* Try it: Only the closing stretch of the material belongs in the answer: the line containing "キッチンの水漏れ・排水のつま" and every line after it, copied exactly.

* Material shown:
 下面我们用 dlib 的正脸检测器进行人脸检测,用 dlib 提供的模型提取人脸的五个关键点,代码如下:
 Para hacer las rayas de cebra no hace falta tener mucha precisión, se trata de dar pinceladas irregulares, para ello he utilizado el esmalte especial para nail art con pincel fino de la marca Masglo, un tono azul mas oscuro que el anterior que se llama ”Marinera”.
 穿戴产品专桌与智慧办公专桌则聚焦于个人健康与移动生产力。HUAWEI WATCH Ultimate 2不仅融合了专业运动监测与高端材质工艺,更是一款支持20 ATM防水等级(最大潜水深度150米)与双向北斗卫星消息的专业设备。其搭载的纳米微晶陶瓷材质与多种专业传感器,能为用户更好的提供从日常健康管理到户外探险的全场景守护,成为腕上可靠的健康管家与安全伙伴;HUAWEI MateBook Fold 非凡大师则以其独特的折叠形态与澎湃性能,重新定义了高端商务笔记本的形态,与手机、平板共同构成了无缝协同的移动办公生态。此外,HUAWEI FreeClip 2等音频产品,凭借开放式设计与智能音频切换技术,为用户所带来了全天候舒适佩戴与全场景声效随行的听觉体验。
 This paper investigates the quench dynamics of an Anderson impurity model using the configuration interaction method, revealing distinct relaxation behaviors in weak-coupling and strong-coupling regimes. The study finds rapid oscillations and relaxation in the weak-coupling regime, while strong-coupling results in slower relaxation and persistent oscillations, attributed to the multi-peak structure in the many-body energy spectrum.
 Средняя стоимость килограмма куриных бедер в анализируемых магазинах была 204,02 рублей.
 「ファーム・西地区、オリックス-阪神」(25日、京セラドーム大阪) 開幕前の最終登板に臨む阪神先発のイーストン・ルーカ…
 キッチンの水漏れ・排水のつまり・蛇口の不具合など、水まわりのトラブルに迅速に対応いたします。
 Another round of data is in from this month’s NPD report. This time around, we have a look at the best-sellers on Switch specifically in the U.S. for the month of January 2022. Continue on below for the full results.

* Written response:
 キッチンの水漏れ・排水のつまり・蛇口の不具合など、水まわりのトラブルに迅速に対応いたします。
 Another round of data is in from this month’s NPD report. This time around, we have a look at the best-sellers on Switch specifically in the U.S. for the month of January 2022. Continue on below for the full results.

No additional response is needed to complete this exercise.